Yeah I see it for ABI too. What version of Python are you on?
Should be an easy fix:
https://github.com/pytroll/satpy/blob/6326b0358a8941cb509f3cd14f761d64807c9e3d/satpy/dataset/dataid.py#L89-L91
I'm on Python 3.11.4.
This is what it would show if we didn't have that __repr__:
In [14]: dataid.IntEnum.__repr__(data_id["calibration"])
Out[14]: '<calibration.reflectance: 1>'
Ah it's a Python 3.10 to 3.11 change, here is Python 3.10:
In [1]: from satpy import Scene; from glob import glob
scn
In [2]: scn = Scene(reader="abi_l1b", filenames=glob("/data/satellite/abi/20180711/OR_ABI-L1b-RadF-M3C02_G16_s20181921800440_e20181921811207_c20181921811242.nc"))
In [3]: scn.available_dataset_ids()
Out[3]:
[DataID(name='C02', wavelength=WavelengthRange(min=0.59, central=0.64, max=0.69, unit='µm'), resolution=500, calibration=<calibration.reflectance>, modifiers=()),
DataID(name='C02', wavelength=WavelengthRange(min=0.59, central=0.64, max=0.69, unit='µm'), resolution=500, calibration=<calibration.radiance>, modifiers=()),
DataID(name='C02', wavelength=WavelengthRange(min=0.59, central=0.64, max=0.69, unit='µm'), resolution=500, calibration=<calibration.counts>, modifiers=())]
And it is documented:
https://docs.python.org/3/library/enum.html#enum.IntEnum
so in that code snippet above, we should replace str(self) with repr(self), right?
Depends what we want exactly and how compatible it is between Python versions. Do we want it to be "reflectance"? Or "<reflectance>"? Or something else?
So I think if we do self.name in the __repr__ I referenced above this would fix it. @gerritholl Have time to make a pull request?
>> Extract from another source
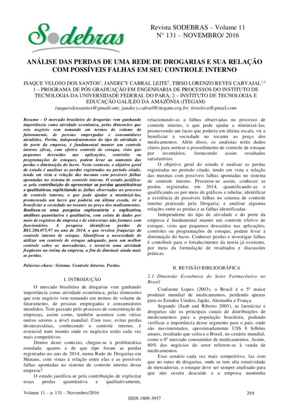 ANÁLISE DAS PERDAS DE UMA REDE DE DROGARIAS E SUA RELAÇÃO COM POSSÍVEIS FALHAS EM SEU CONTROLE INTERNO

shouldn't we change __str__ rather than __repr__? I think str should be more user friendly, while repr is more for serializing
I don't care (nor do I necessarily know) what has to be changed, but I think we want an ipython session doing scn.available_dataset_ids() to show a DataID object with "reflectance" rather than <calibration.reflectance: 1>, right? ipython and other REPLs will be doing repr unless you do print which I think does __str__?